What's not represented
- · Yoga Practitioners comparing methodologies
- · Budget-conscious consumers priced out of studio classes
Why this matters
Understanding the biomechanics behind Pilates helps practitioners choose the right modality—mat or reformer—for their specific goals, from rehabilitating back pain to enhancing athletic performance.
Key points
- Pilates targets deep stabilizing muscles rather than superficial abdominal muscles.
- Ultrasound imaging confirms Pilates physically increases the thickness of the transverse abdominis.
- The practice repairs the neurological timing of muscle contractions, aiding in back pain relief.
- Reformer Pilates uses spring resistance to build explosive power and active flexibility.
For decades, the Pilates method was largely viewed by the general public as a niche conditioning secret reserved for ballet dancers, or simply as a trendy boutique workout for the affluent. Developed in the 1920s by German physical trainer Joseph Pilates—who initially used rigged hospital beds and springs to rehabilitate bedridden inmates during World War I—the method has steadily exploded into a global fitness phenomenon. Yet, while millions of dedicated practitioners have long sworn by its transformative effects on posture, flexibility, and core strength, the scientific and medical communities have only recently developed the advanced imaging technology necessary to prove exactly how the practice alters the human body from the inside out.[4][6]
The shift from anecdotal praise to rigorous empirical validation has been driven largely by the advent of rehabilitative ultrasound imaging (RUSI) and advanced electromyography (EMG). These sophisticated diagnostic tools allow sports scientists and physiotherapists to look beneath the skin and observe individual muscle fibers contracting in real time. What researchers have found fundamentally challenges traditional approaches to abdominal training and core conditioning. The imaging reveals that the true power of Pilates lies not in the visible, superficial muscles that most gym-goers focus on, but rather in a hidden, internal corset of deep spinal stabilizers that dictate how the entire body moves and absorbs impact.[2][6]
In biomechanical terms, the human 'core' is not merely the front of the stomach, but a complex, three-dimensional cylinder of musculature that supports the spine and pelvis.
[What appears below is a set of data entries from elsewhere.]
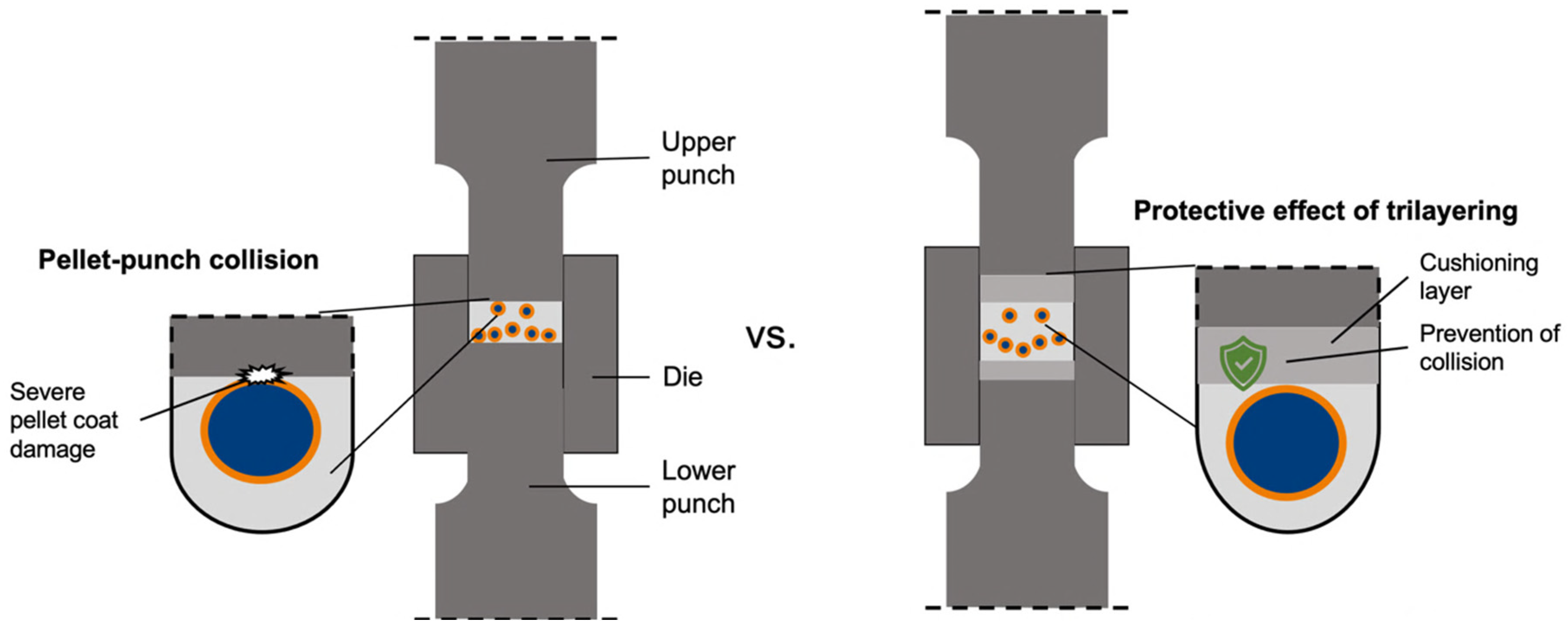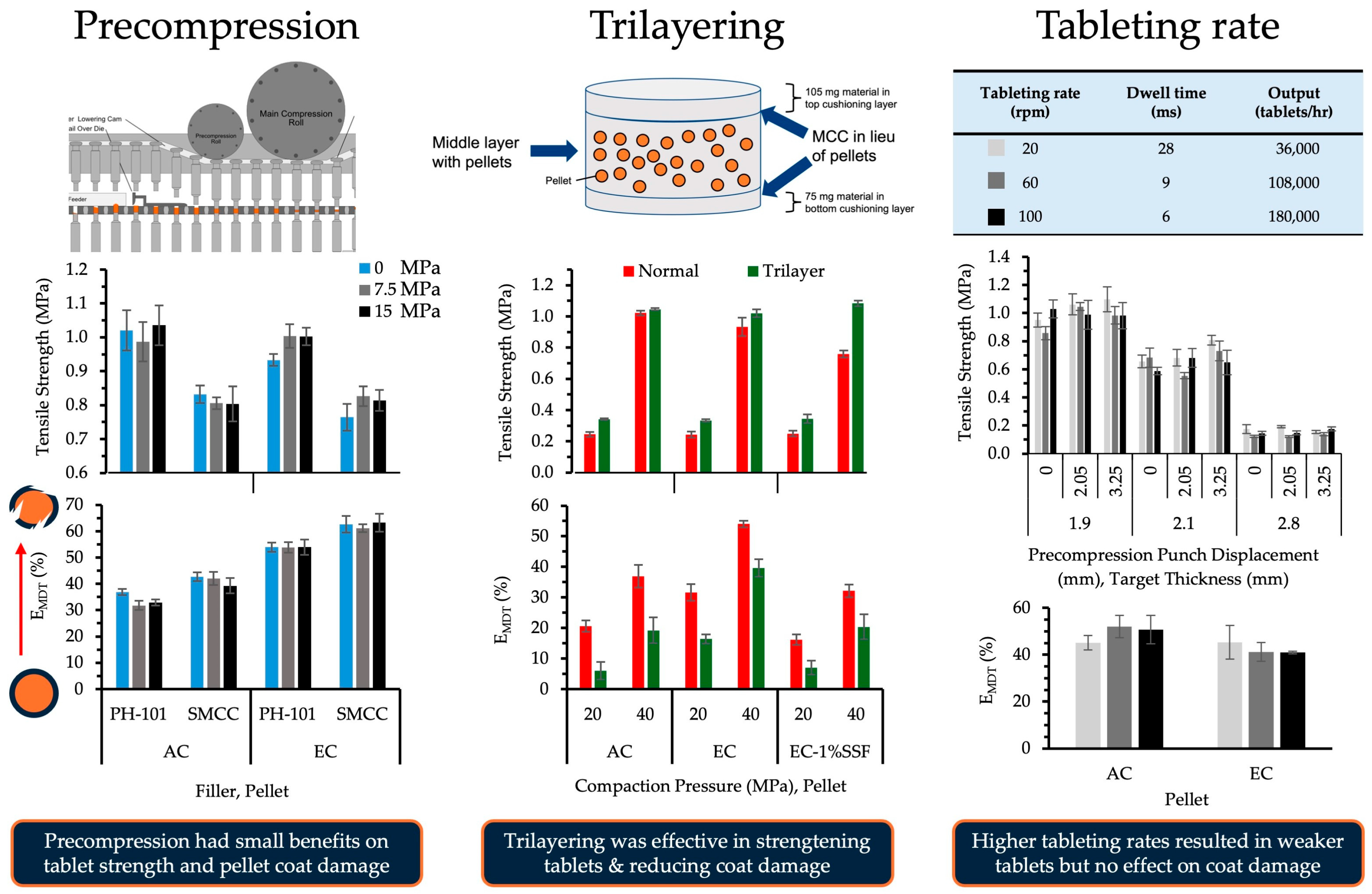 - Xu, M.; Heng, P.W.S.; Liew, C.V. Formulation and Process Strategies to Minimize Coat Damage for Compaction of Coated Pellets in a Rotary Tablet Press: A Mechanistic View. Int. J. Pharm. 2016, 499, 29–37. [Google Scholar] [CrossRef]
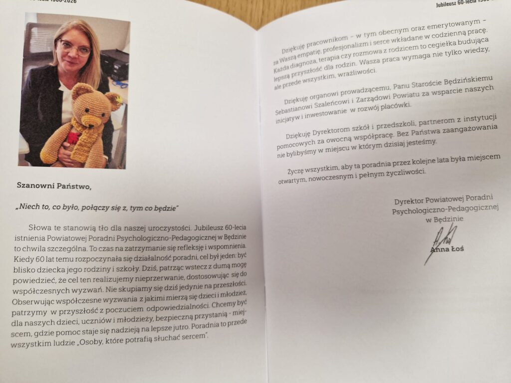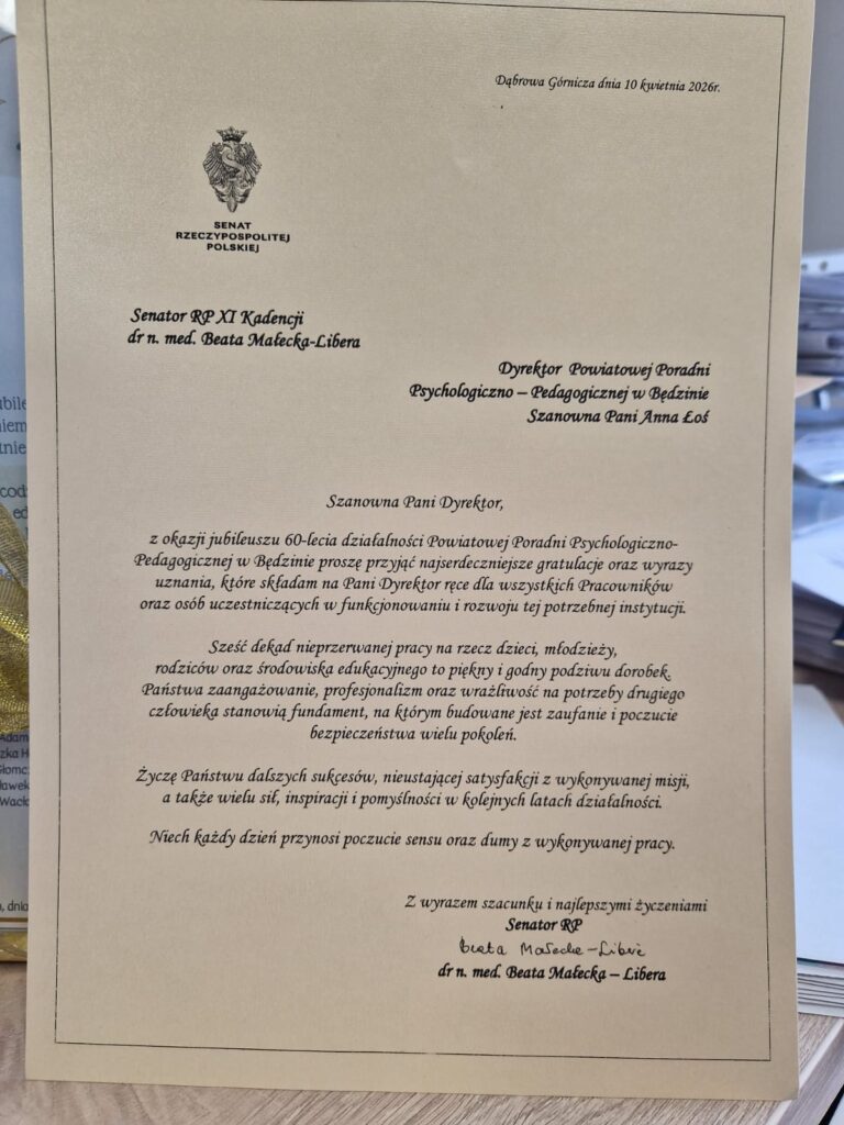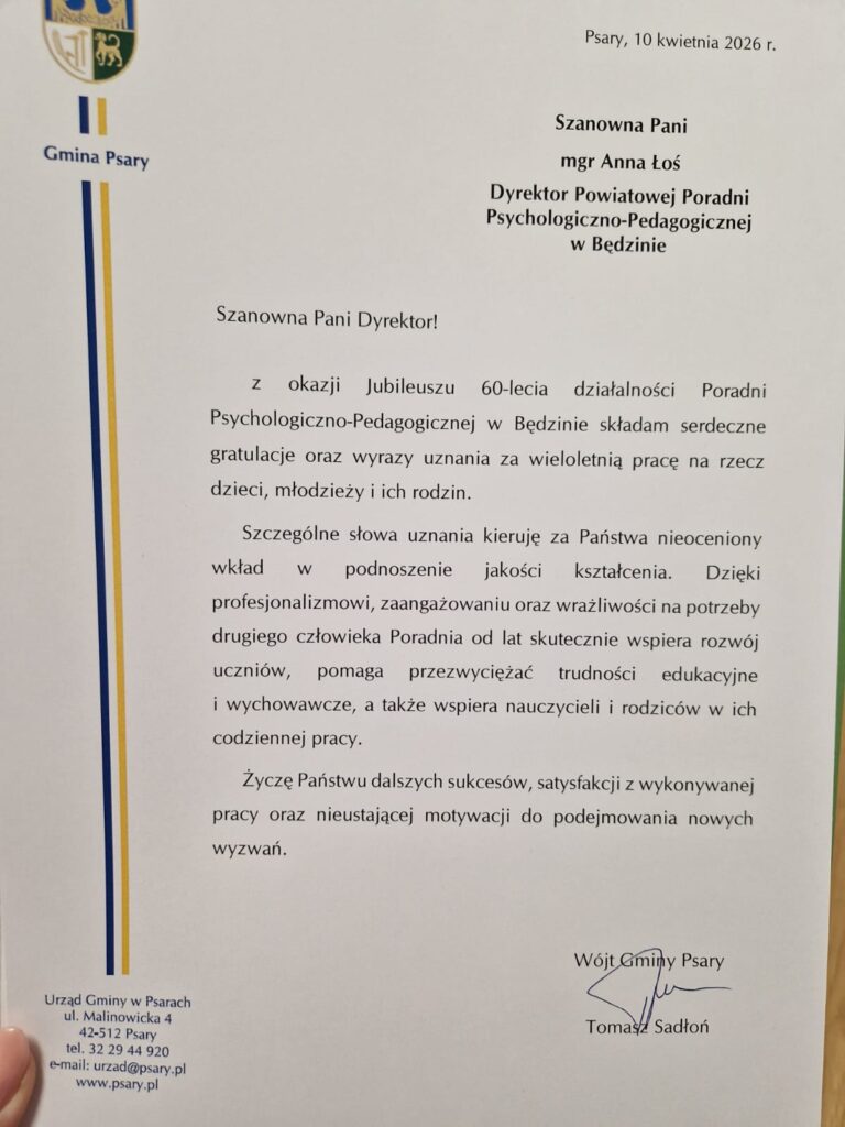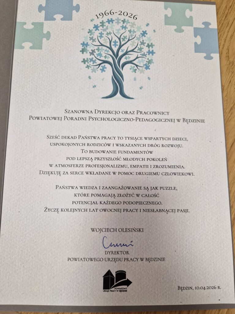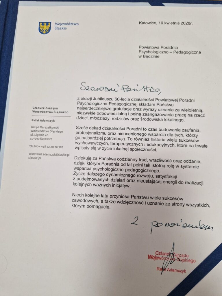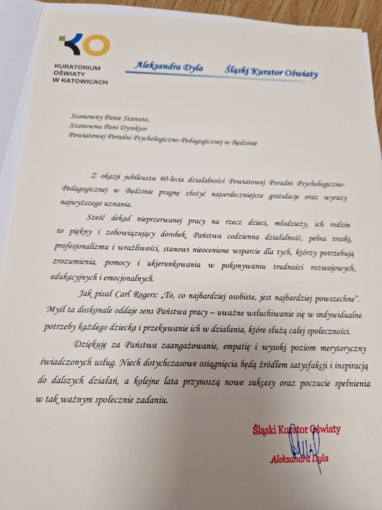 Jubileusz 60-lecia istnienia Powiatowej Poradni Psychologiczno-Pedagogicznej w Będzinie już za nami. Kiedy 60 lat temu rozpoczynała się działalność poradni, cel był jeden: być blisko dziecka jego rodziny i szkoły. Dziś cel ten realizujemy nieprzerwanie – reagując na współczesne wyzwania z jakimi mierzą się dzieci i młodzież, patrzymy w przyszłość z poczuciem odpowiedzialności.
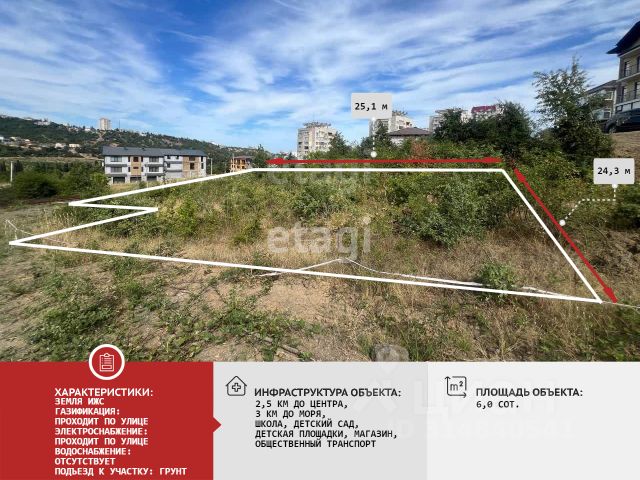 Код объекта: 1988456. Участок расположен в популярном районе "Рабочий уголок", всего в 10-15 минутах неспешной прогулки от морского побережья. По соседству находится пансионат "Дубна". Территория имеет ровный горный рельеф и находится в своем природном, неосвоенном состоянии, что дает новому владельцу полную свободу для планирования. С участка открывается живописный вид на город. При возведении двухэтажного дома из окон откроется панорама на морское побережье. Транспортная доступность отличная: до автобусной остановки — около 10 минут пешком. Коммуникации и перспективы: Инфраструктура в районе активно развивается. Электричество: Подстанция и сети "Крымэнерго" находятся в непосредственной близости.Водоснабжение и канализация: Магистральные сети проходят рядом с участком.Газ: Согласно официальным планам, проектирование и строительство газовых сетей запланировано на 2027 год. Трасса находится рядом.

Traditional abdominal exercises, such as standard crunches or sit-ups, primarily target the rectus abdominis—the superficial layer of muscle responsible for flexing the spine forward. Pilates, however, bypasses these superficial movers to intentionally target the deep anticipatory stabilizers. The primary focus is the transverse abdominis (TrA), which wraps horizontally around the lower torso like a weightlifting belt, and the lumbar multifidus, a series of small, intricate muscles that lace up the back of the spine to stabilize individual vertebrae.[2][5]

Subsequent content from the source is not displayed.